Referring to fig. 1 to 3, the rare-earth doped hollow-core antiresonant optical fiber includes:

an outer cladding 11;

a plurality of glass tube rings 12, the glass tube rings 12 including a deposition layer 121 containing rare earth ions, the plurality of glass tube rings 12 being fixed to an inner wall of the outer cladding layer 11;

and an air core 13, wherein a plurality of the glass tube rings 12 surround the air core 13.

The outer cladding 11 is a supporting structure for the optical fiber, and ensures that the glass tube ring 12 can be fixed on its inner wall and maintain a geometric shape without participating in the light guiding process, and the material thereof may be pure quartz glass, and may also be other kinds of glass materials, including but not limited to ordinary silicate glass or various soft glass materials.

The glass tube ring 12 is a tubular structure with a circular cross section, the deposition layer 121 is a glass material doped with rare earth ions, and the anti-resonance effect can be achieved by controlling the wall thickness.

Generally, air core 13 is a circular area surrounded by a plurality of glass tube rings 12.

In this embodiment, rare earth ions are introduced into the glass tube ring 12, and in the laser transmission process, optical amplification is achieved by using a gain mechanism caused by the rare earth ions in the glass tube ring 12, so that the optical fiber can perform optical-to-optical conversion. Compared with the hollow anti-resonance optical fiber provided in the prior art, the rare earth-doped hollow anti-resonance optical fiber provided by the invention has the functions of optical amplification and laser transmission, and widens the application scene of the hollow anti-resonance optical fiber in the optical fiber laser.

Referring to fig. 1 to 3, in an embodiment of the present invention, a plurality of glass tube rings 12 are uniformly spaced.

The plurality of glass tube rings 12 are uniformly arranged around the air fiber core 13 at intervals, and the circular area surrounded and tangent by the plurality of glass tube rings 12 is the air fiber core 13, so that the air fiber core 13 is concentrated in the air fiber core 13 during light guiding, and the transmission loss is reduced.

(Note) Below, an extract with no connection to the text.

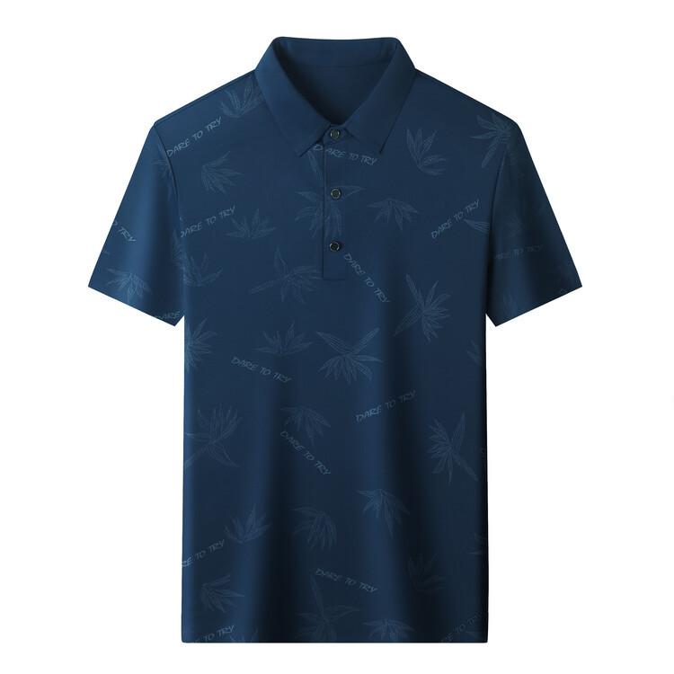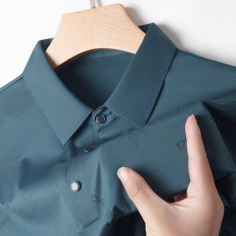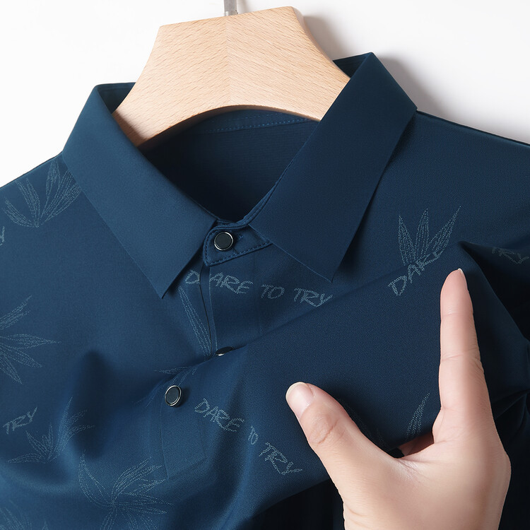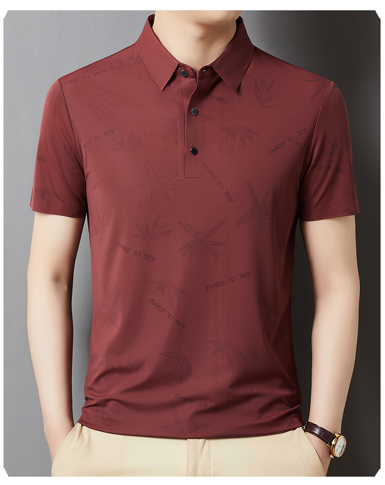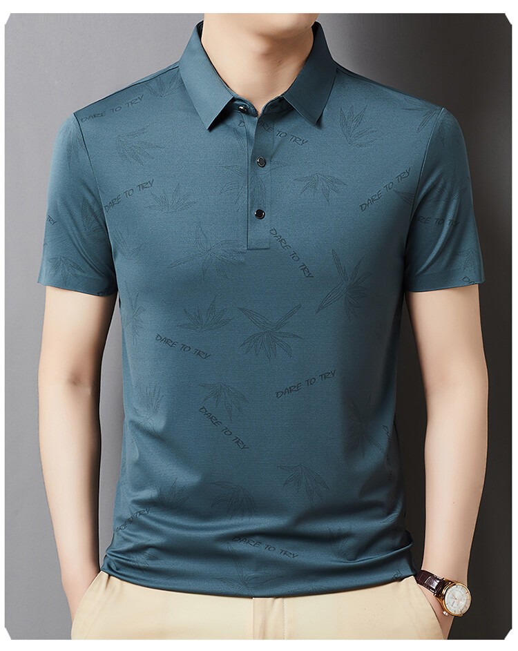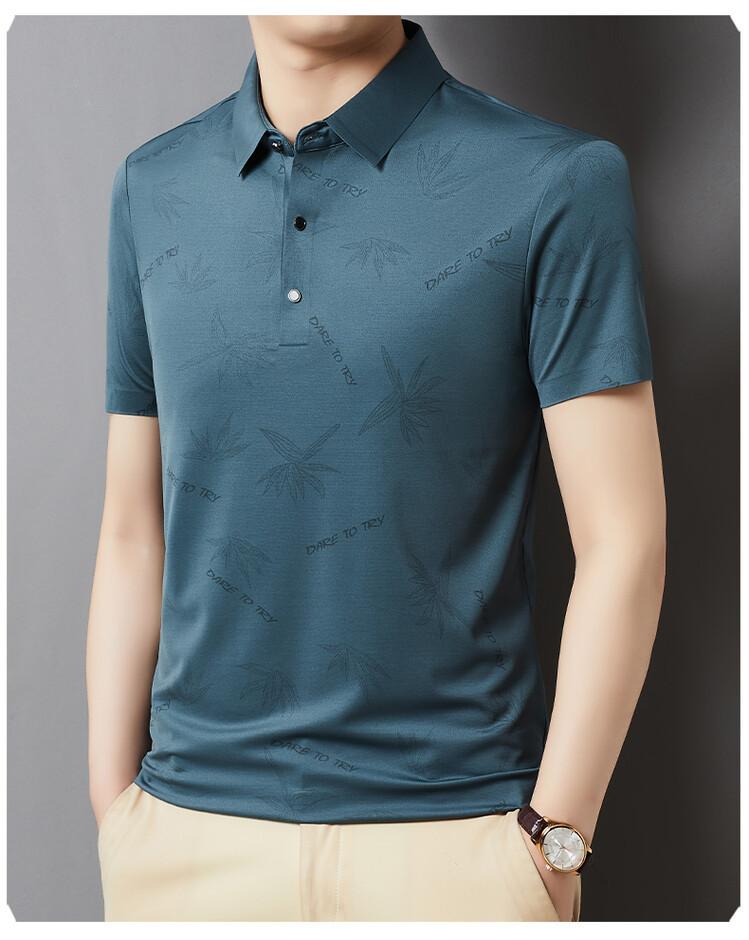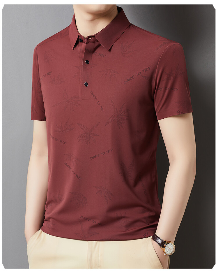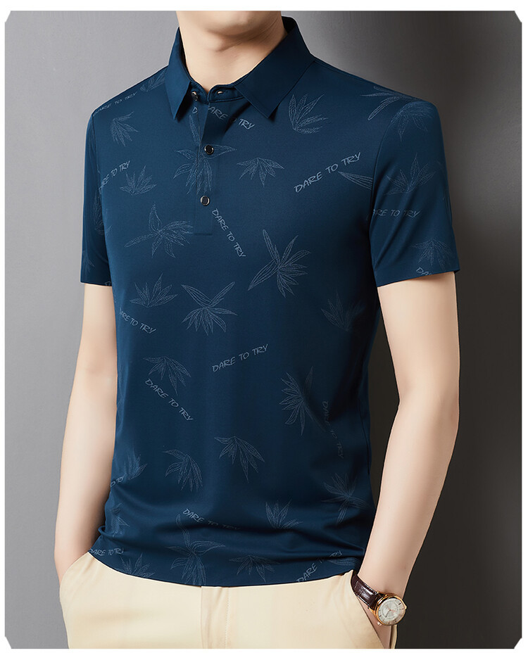 남자의 새로운 인쇄 옷깃 POLO 짧은 소매 여름 원활한 슬림 티셔츠 비즈니스 중년 및 노인 주름 방지 캐주얼 탑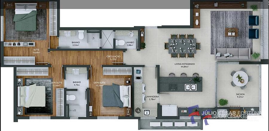 Amplo apartamento 3 dormitórios, sendo 1 suíte master e 2 demi suítes, living espaçoso com 2 ambientes e integrado com a cozinha e com sacada com churrasqueira, lavabo, área de serviço separada, 01 vaga dupla de gararem com carregamento para carro elétrico.

Referring to fig. 1 to 3, in an embodiment of the present invention, the cross-section of the inner wall of the outer cladding 11 is polygonal, and preferably, the cross-section of the inner wall of the outer cladding 11 is regular polygon, and the number of sides of the regular polygon is greater than four.

The present embodiment is preferably a regular polygon, such as a square, a regular hexagon or a regular octagon, and specifically, referring to the embodiments described later, the glass tube ring 12 is fixed on the edge of the inner wall thereof, so that the centers of a plurality of tube rings having the same shape are the air cores 13 after being fixed. In this embodiment, compared with a circular cross section, the cross section of the inner wall of the outer cladding 11 is set to be a regular polygon, so that the guided light is more concentrated at the center of the air fiber core 13, and meanwhile, the number of times that the pump light passes through the glass tube ring 12 is increased by optimizing the inner wall structure of the outer cladding 11, so that the hollow anti-resonant fiber with higher conversion efficiency can be obtained.

Further, at least one glass tube ring 12 is fixed on each side of the inner wall of the outer cladding layer 11.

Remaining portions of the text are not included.